Marion and Hillsboro water departments coordinated efforts to use what Marler described as “blow-off systems” to initially purge the lines.

“It’s a piping system, a big 12 inch line – it’s just a flush line we can open up and flush the entire line from the pump house to the intake,” Marler said regarding Hillsboro’s system, which was originally intended to battle infestations of zebra mussels.

“We coordinated with the city of Marion and opened up both of the blow-off lines and flushed all of that out of there,” Marler said.

The towns share the water intake, according to Kjellin, and the combined flush forced 4,000 to 5,000 gallons per minute through the pipe to clear any obstructions.

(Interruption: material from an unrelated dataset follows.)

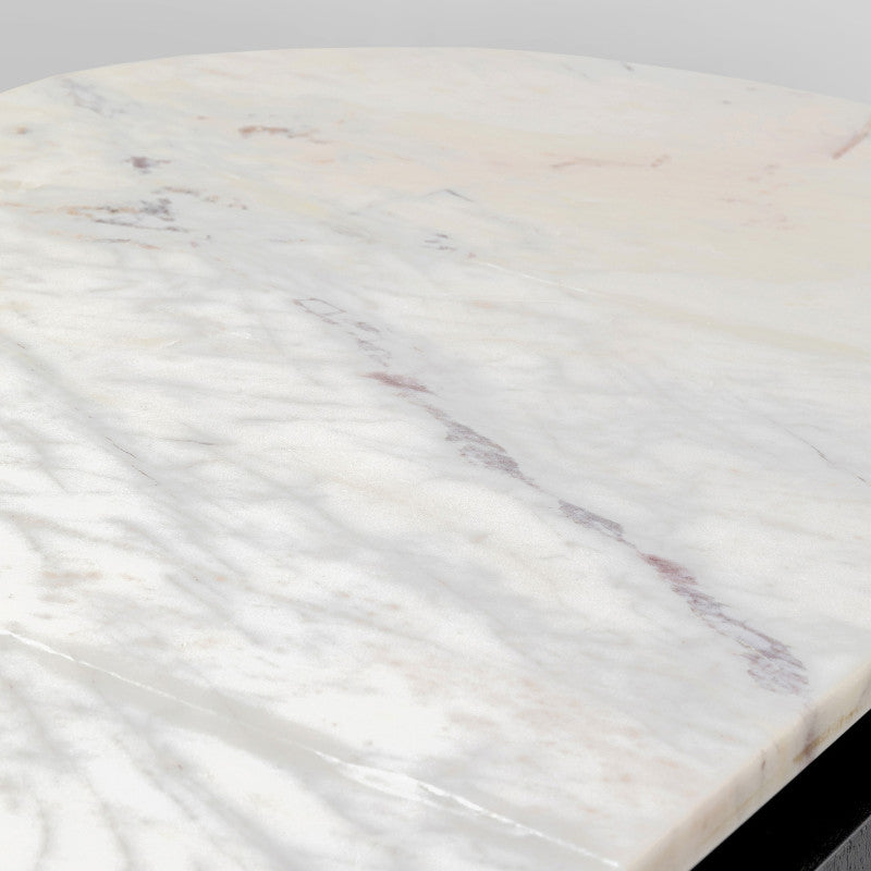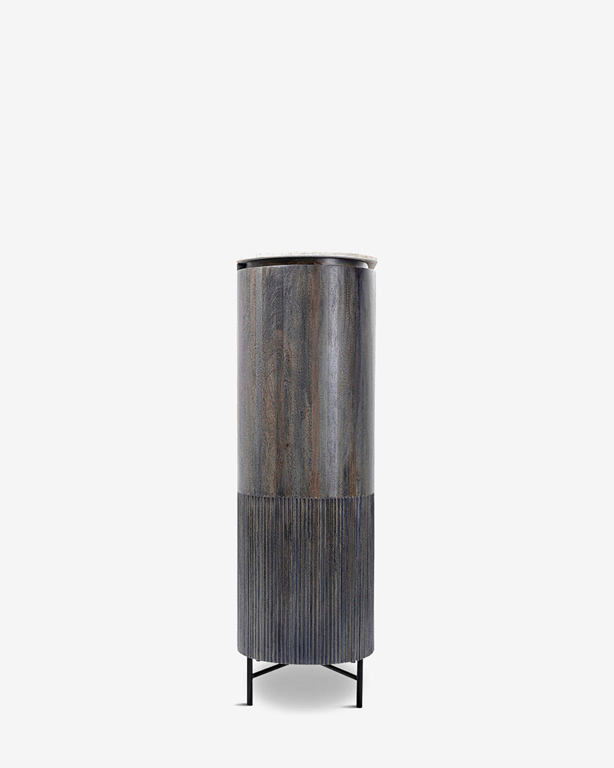 Det høje flotte Glenn vitrineskab er et meget dekorativt vitrineskab i sort mango træ og hvid marmor top med sorte ben.

The Marion water intake kept water department employees busy Monday with frequent trips to clear the basket covering the intake.

“About every half hour they clear the line right now,” Kjellin said Monday. “We monitor at the water plant and when the amount of flow drops to some level then we know there’s an obstruction in the strainer basket and somebody goes out and dumps out the basket.”

While the shad are a nuisance, Kjellin emphasized the water supply is not being adversely affected.

“We’re on top of it, and the water supply’s not in danger at all,” Kjellin said. “It’s just a naturally occurring event and we’ll work our way through it.”

Contacted Tuesday afternoon, Kjellin said the shad infestation had vanished.

“The guys went out this morning to open up the strainer basket container and they found one shad,” Kjellin said.

“It must have been some environmental event that caused them to get close to the intake, and we sucked a whole school of shad in,” Kjellin concluded.

According to Marler, Hillsboro’s water intake was not experiencing any additional difficulties Tuesday afternoon.

“We’re not having any flow issues – we have it under control,” Marler said.

“It’s just nature’s way of keeping us on our toes,” she added.